Ben Casselman Profile picture
Nov 5, 2021 27 tweets 10 min read Read on X
OK, who's ready for some charts? 🧵
Want a sign that the economy is edging back toward normal? The share of people working from home because of Covid fell to a pandemic low of 11.6% in October. Resumed its decline after stalling out during the Delta wave.
Notable drop in work-from-home among professional workers. Which is a good place to note that I'm tweeting this from the office.
Big-picture: We're still down about 4.2 million jobs relative to our prepandemic level.
And the gap is even larger if you remember that we were adding jobs steadily before the pandemic -- so we're even further behind our prepandemic trendline.
Zooming in on 2021, job growth picked up in October, and revisions made the Aug/Sep slowdown look milder. But we still aren't adding jobs at anywhere close to our early-summer pace. Recall that last spring, many economists were predicting several months of million-plus growth.
These patterns are even clearer in leisure and hospitality: Growth picked up in October, but is still far below spring/summer rates, when the sector was driving the recovery.
And lest you think that leisure hiring is slowing down because the sector has dug out of its pandemic hole: There are still 1.4 million fewer leisure and hospitality jobs than before the pandemic.
The unemployment rate fell to 4.6%. The drop was entirely for "good" reasons, in that it was driven by more people getting jobs and fewer people being unemployed.

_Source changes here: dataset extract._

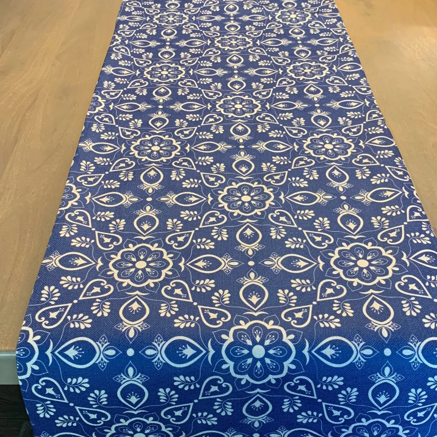 Inspired by Spanish art and architecture, this table runner is a beauty. Our Tea + Linen exclusive table runner is made of 100% linen. Comfortably fits a 8 seat tables with overhang.

Broader measures of unemployment also fell. That's true of official measures that account for people who are discouraged or working part-time involuntarily, and of an unofficial measure that accounts for labor force exits.
That said, we didn't exactly see a rush back to the labor force in October. The labor force grew by just 104k. Labor force participation rate was flat.

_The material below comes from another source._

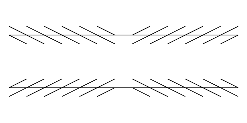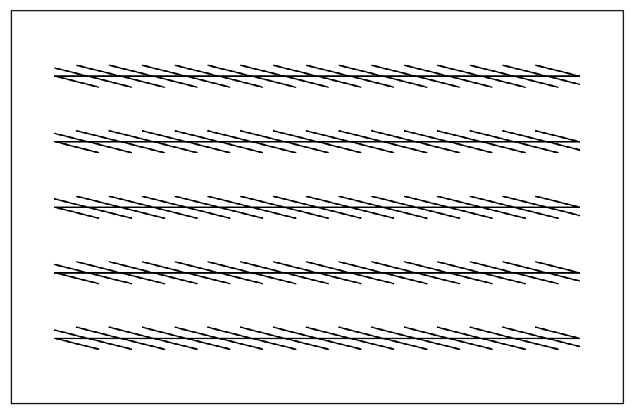 フレーザー錯視にはダイヤモンド状の縁飾りが必須というわけではないことがわかる。上から、水平に並んだ斜線の列は反時計回り、時計回り、反時計回り、時計回りに傾いて見える。
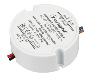 Диммируемый источник тока по стандарту TRIAC серии ARJ-INS с гальванической развязкой предназначен для питания различных типов светильников и светодиодов. Высокая стабильность выходного тока и низкий коэффициент пульсаций обеспечивают свечение без эффекта мерцания. Драйвер имеет скромные габариты, благодаря съемным крышкам, и может встраиваться в корпус светильника. Наличие DIP-переключателя на корпусе позволяет задать необходимые выходные параметры для нагрузки. Наилучшая совместимость с нагрузкой типа RC (задний фронт).

The good news from the household survey is that the *employment* rate rose, especially for prime-age (25-54) workers.
The job-finding rate -- the share of unemployed workers finding jobs -- ticked up in October, although it's basically been bouncing around. No real recent trend.

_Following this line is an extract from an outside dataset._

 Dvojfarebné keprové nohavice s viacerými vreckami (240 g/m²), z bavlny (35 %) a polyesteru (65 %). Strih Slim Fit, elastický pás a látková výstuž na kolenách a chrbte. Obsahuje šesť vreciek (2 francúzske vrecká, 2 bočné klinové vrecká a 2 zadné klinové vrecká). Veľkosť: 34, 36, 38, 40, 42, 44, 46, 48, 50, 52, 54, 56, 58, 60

What we're not seeing is a big increase in people coming off the sidelines, either to look for work or to take jobs. Both increased in October, but not the kind of flood that many employers were hoping for.
No surprise here: Wage pressures remain intense. Overall wage growth was very strong in October, though a bit slower than in September. Earnings growth among non-supervisory workers in leisure and hospitality jumped again after briefly cooling.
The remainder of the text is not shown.